Read several lines from file at once - vb.net

The following code works just fine:
Function ReadLines(FN As String, n As Integer) As String()
Dim T(0 To n) As String
With My.Computer.FileSystem.OpenTextFileReader(FN)
For i As Integer = 0 To n
T(i) = .ReadLine()
Next
End With
Return T
End Function
However, if the file is located on a distant server, this might prove horrendously slow. Is there a way to do the same more efficiently? I could read the whole file at once too, but this also is fairly inefficient...

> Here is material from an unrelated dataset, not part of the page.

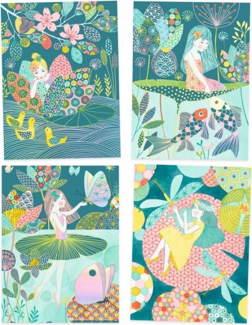 - 4 kort med smukke motiver af sø-nymfen og hendes venner
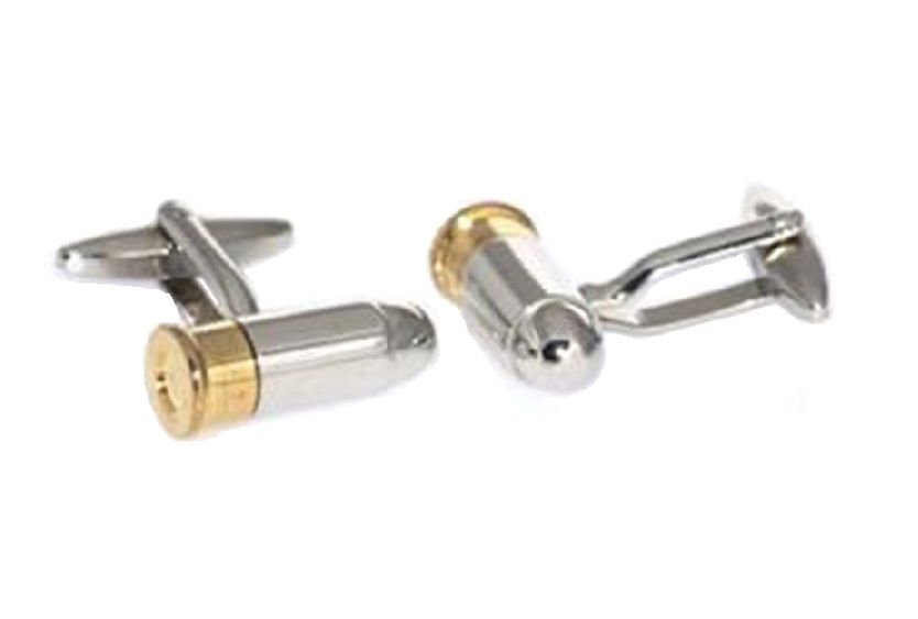 Elegante y original gemelo de rodio en fantasía Gemelos de Bala plateada y dorada proyectil de pistola con calibre en rodio con Caja Elegance.

The BufferedStream class is specifically designed to reduce the number of system IO when a file is read (or written) sequentially in a series. So this is expected to make your reads more effective:
Function ReadLines(FN As String, n As Integer) As String()
Using fs As FileStream = File.Open(path, FileMode.Open, FileAccess.Read, FileShare.ReadWrite)
Using bs As New BufferedStream(fs)
Using sr As New StreamReader(bs)
Dim lines = New List(Of String)(n)
For i As Integer = 0 To n
Dim line As String = sr.ReadLine()
If (line Is Nothing) Then
Exit For
End If
lines.Add(line)
Next
Return lines.ToArray()
End Using
End Using
End Using
End Function

Dim lines = IO.File.ReadLines(fileName).
Skip(firstLineIndex).
Take(lineCount).
ToArray()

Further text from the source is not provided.